• How to complete this task
For this exercise, reproduce the entries below exactly, but only from the line containing "痴漢抑止バッジの購入者からハ" through the line containing "В коридоре офиса", both included.

• Data to use
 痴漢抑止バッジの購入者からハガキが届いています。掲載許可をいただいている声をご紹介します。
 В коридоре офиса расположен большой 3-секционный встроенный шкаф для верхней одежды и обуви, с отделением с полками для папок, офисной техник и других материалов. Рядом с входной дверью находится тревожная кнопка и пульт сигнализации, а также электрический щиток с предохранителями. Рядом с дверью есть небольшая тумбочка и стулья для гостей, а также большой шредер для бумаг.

* * *

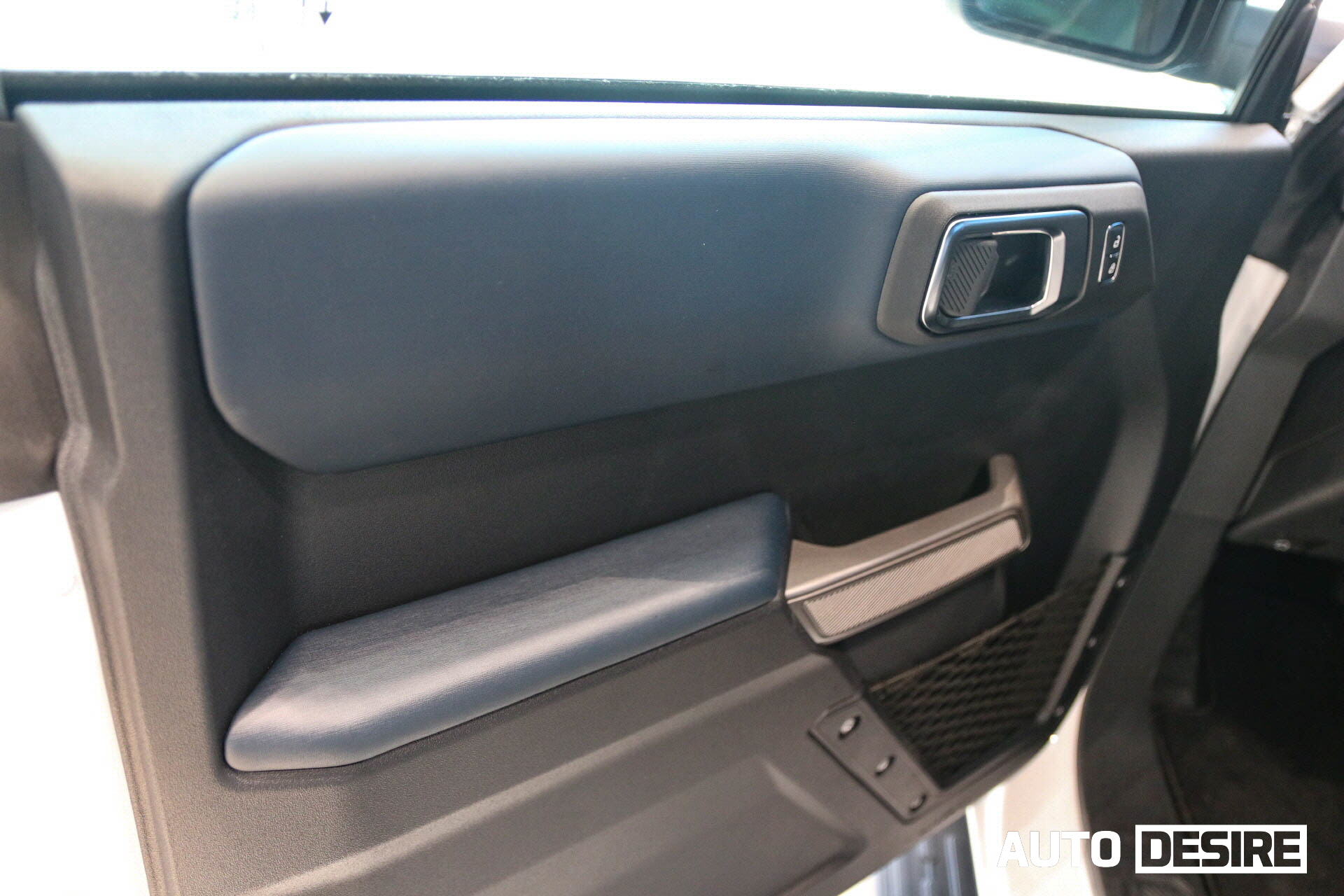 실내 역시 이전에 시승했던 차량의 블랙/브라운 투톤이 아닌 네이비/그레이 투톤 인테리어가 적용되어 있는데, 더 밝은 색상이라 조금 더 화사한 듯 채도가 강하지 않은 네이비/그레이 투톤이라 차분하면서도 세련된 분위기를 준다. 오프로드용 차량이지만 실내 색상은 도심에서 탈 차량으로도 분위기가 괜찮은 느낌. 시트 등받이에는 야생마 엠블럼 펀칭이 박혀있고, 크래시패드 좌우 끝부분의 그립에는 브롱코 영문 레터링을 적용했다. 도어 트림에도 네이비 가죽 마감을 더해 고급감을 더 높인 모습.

• Response box
 痴漢抑止バッジの購入者からハガキが届いています。掲載許可をいただいている声をご紹介します。
 В коридоре офиса расположен большой 3-секционный встроенный шкаф для верхней одежды и обуви, с отделением с полками для папок, офисной техник и других материалов. Рядом с входной дверью находится тревожная кнопка и пульт сигнализации, а также электрический щиток с предохранителями. Рядом с дверью есть небольшая тумбочка и стулья для гостей, а также большой шредер для бумаг.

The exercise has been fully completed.